Regarding the question of how much Norway should contribute, she refers to numbers from the Report “Norway’s fair share” from 2018, which has estimated Norway’s legal share of climate change to be 65 billion yearly. This is ten times more than the current level of climate finance.

–⁠ Everyone understands that we cannot move straight towards that target, but we need a course of action, Møretrø says.

Must confront conditions of living

According to Stenseth at The University of Oslo, there are also other aspects within climate justice other than the question of who needs to finance the costly measures towards a cut in emissions and transition.

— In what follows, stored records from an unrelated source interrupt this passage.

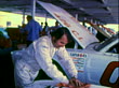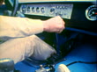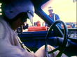 Professional race car driver RICHARD PETTY (King Richard, Richard The King Petty) wearing wide, floppy brim Amishstyle felt hat, black leather jacket, striped polyester pants, long sideburns while chewing gum and walking along rain-slicked concourse, talking with fellow drivers including BUDDY BAKER and pit crew members during rain delay for 1971 National 500 stock car race held at Charlotte Motor Speedway / Richard Petty driving Plymouth Road Runner stock car, shifting gears; Petty wears white helmet and racing suit, dark sunglasses; Petty pulls into pits, removes seat belt, and helmet, climbs out window / stock cars lined up in pit alley on sunny afternoon / men unloading Goodyear tires from trailer, lining them up on ground during rain delay / stock car lined up in pole position / professional race car driver LEE ROY YARBROUGH (LeeRoy Yarbrough) wearing white Goodyear racing suit, wiping down stock car with cloth in covered garages, talking with crew member / Richard Petty Plymouth stock car #43 being pushed by crew members and fellow driver CHARLIE GLOTZBACH, wearing large black cowboy hat. Richard Petty and Lee Roy Yarbrough at National 50 on October 10, 1971 in Concord, North Carolina
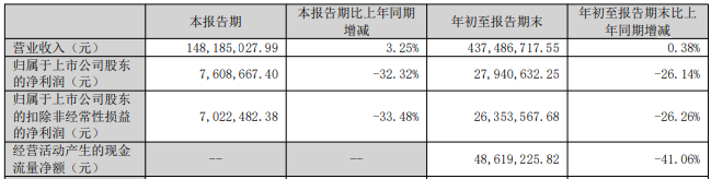 2025年前三季度,锐新科技停业收入为4。37亿元,同比增加0。38%;归属于上市公司股东的净利润0。28亿元,同比下降26。14%;归属于上市公司股东的扣除非经常性损益的净利润0。26亿元,同比下降26。26%;运营勾当发生的现金流量净额0。49亿元,同比下降41。06%。
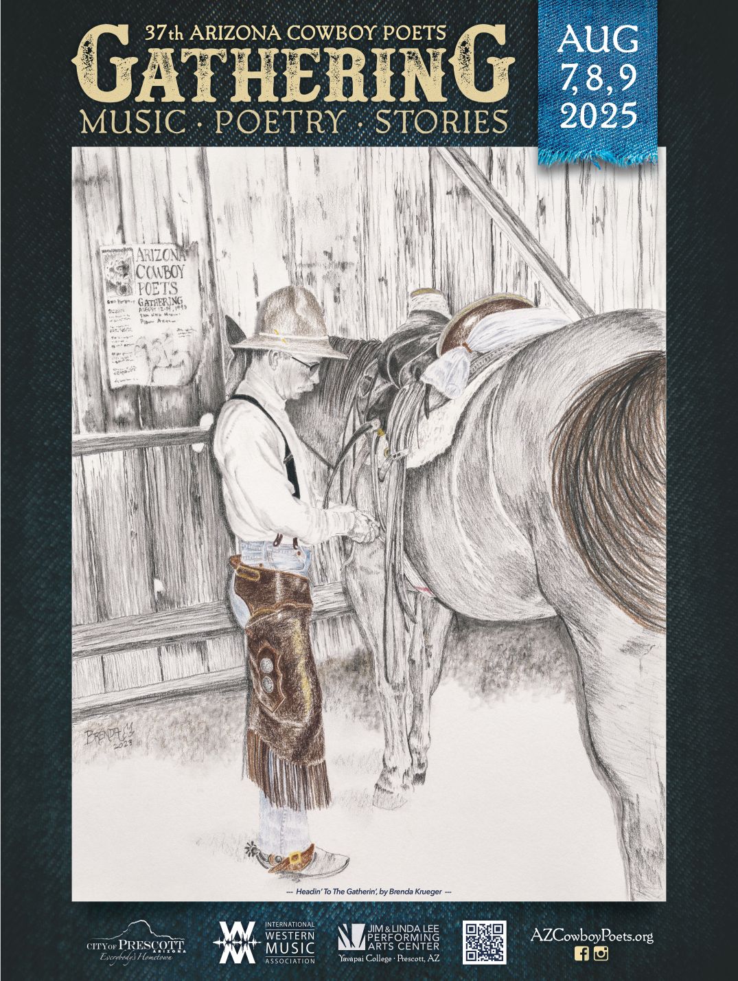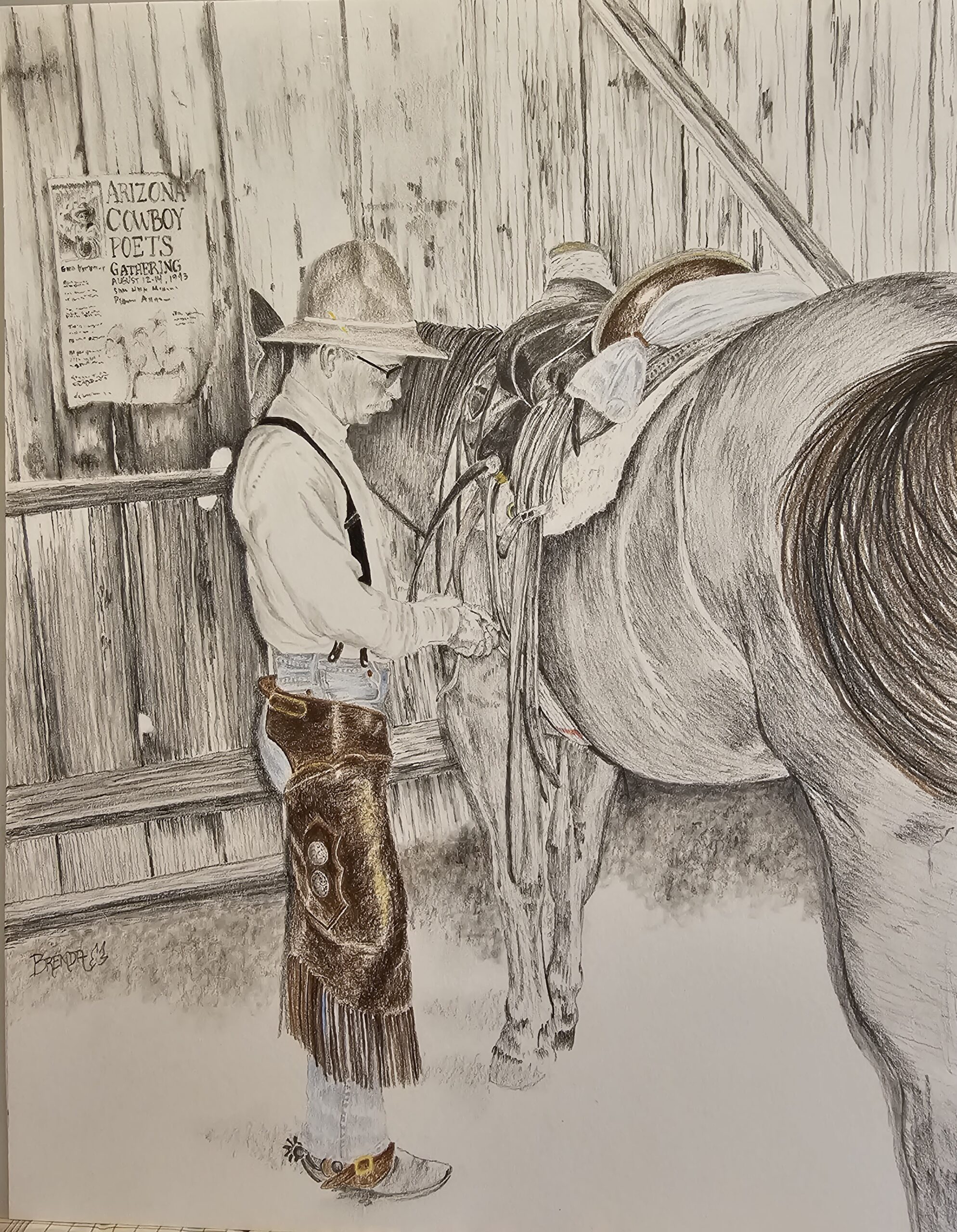 An original graphite and colored pencil drawing Titled ‘Headin’ To The Gatherin” by Prescott, Arizona artist, Brenda Krueger.

–⁠ There are many ethical challenges connected to climate change. Climate change, global warming and loss of biological diversity are connected. If one is to transition energy production, for instance by shifting towards an increased use of solar power, it will require large areas of land, which in turn will lead to a loss of biological diversity.

There are also many challenges connected to conditions of living, he emphasizes.

–⁠ I have difficult envisioning that poorer parts of the world, in a material sense, can achieve the same conditions of living as us if we are to combat global warming. We have difficulty grasping this, but it concerns justice: What right do we have to determine this?

IT MATTERS: The climate engagement of the youth matter, argues Changemaker-leader Naja Amanda Lynge Møretrø (24). But we must focus on other values that are important to us, but that do not simultaneously destroy the world, she says.
IT MATTERS: The climate engagement of the youth matter, argues Changemaker-leader Naja Amanda Lynge Møretrø (24). But we must focus on other values that are important to us, but that do not simultaneously destroy the world, she says.

Møretrø in Changemaker comments that neither wealthy countries can continue at the current levels of consumption.

–⁠ The material conditions of living that we have in wealthy countries are not sustainable. This means that we cannot continue as now, and that other countries also cannot develop material conditions of living on this scale, she comments.

–⁠ Instead, we should rather focus on other values that are important to us, but that do not simultaneously destroy the world. All countries, therefore, must develop in a new direction, together, she continues.

All countries must develop in a new direction, together.

Naja Amanda Lynge Møretrø, leader of Changemaker.

This new direction must, among other, consist of a confrontation with the consumption-based society and a greater upscaling of the circular economy, according to Mørretrø. She also believes that Norway must phase out its extraction of oil.

The climate engagement of the youth matters

Stenseth gives the youth much of the credit for the larger role climate justice has played in this report than in previous ones.

–⁠ I am convinced that the engagement of the youth has contributed to the fact that we now see a greater emphasis on climate justice, he states.

He points out that climate engagement is driven by a much larger group than in previous generations:

–⁠ In the 70’s we were concerned about changing our life course to avoid global warming. We didn’t think of ourselves or our children first, but rather the physical climate system.

Now the focus is more «self-centered», he believes, and elaborates: –⁠ There are, in a sense, a fair share of negative aspects about such a self-centration, but there are also many benefits. When people are engaged on a more personal level, politicians have broader support to implement measures.

Møretrø also points out that the strong climate engagement among the youth is important if we are to succeed in reaching the climate goals.

–⁠ Young people know of a different fear than the elderly, but at the same time, the youth showcase that hope and opportunity exist. We are willing to change and adapt, because we wish for a world with change and justice for all.

She also emphasizes that, despite the urgency, not all hope is lost:

–⁠ IPCCs message is somber, but it also expresses that we have an opportunity to do something over the course of the next 10 years. I think I live and work with this in a very important time, and that inspires and motivates me.